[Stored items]
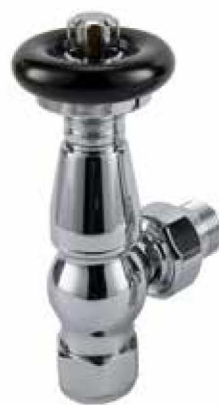
Chrome Wheelhead (Black Top)
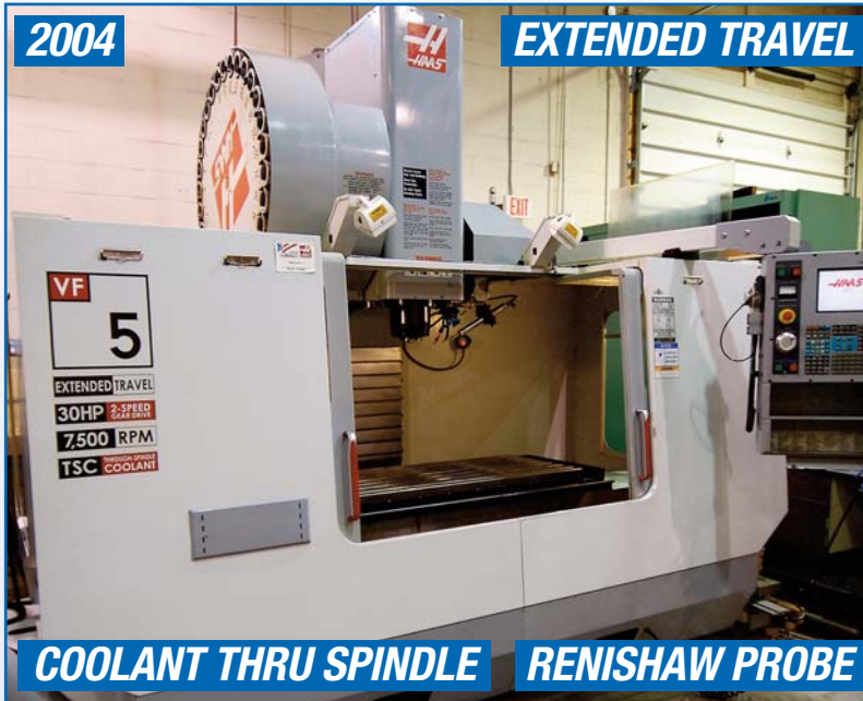
HAAS VF-5/50XT CNC VERTICAL MACHINING CENTER
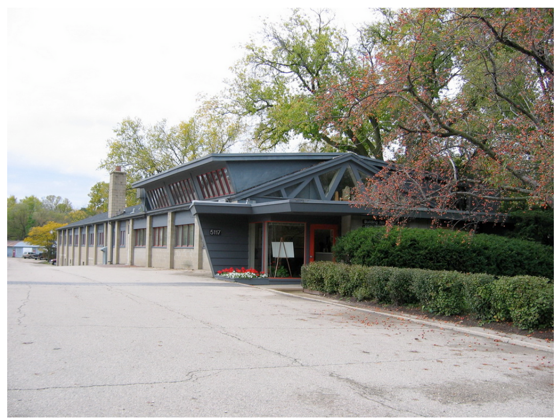
Marshall Erdman Office & Shop, 5117 University Ave., Madison, WI.
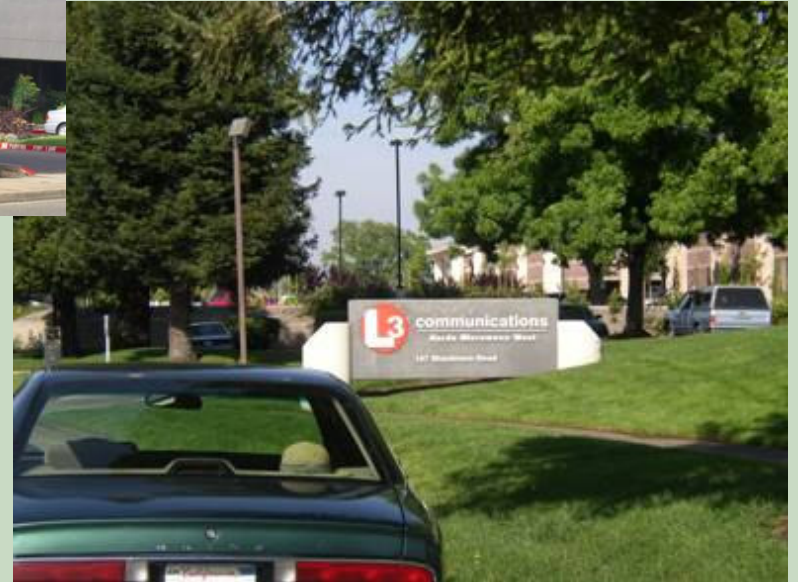
Some of the business in Lake Forest Technical Center
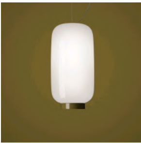
Chouchin Reverse 2

- EXERCISE INSTRUCTIONS
Write out each record exactly as shown, but not its pictures.

- ANSWER TO THIS EXERCISE
Chrome Wheelhead (Black Top)
HAAS VF-5/50XT CNC VERTICAL MACHINING CENTER
Marshall Erdman Office & Shop, 5117 University Ave., Madison, WI.
Some of the business in Lake Forest Technical Center
Chouchin Reverse 2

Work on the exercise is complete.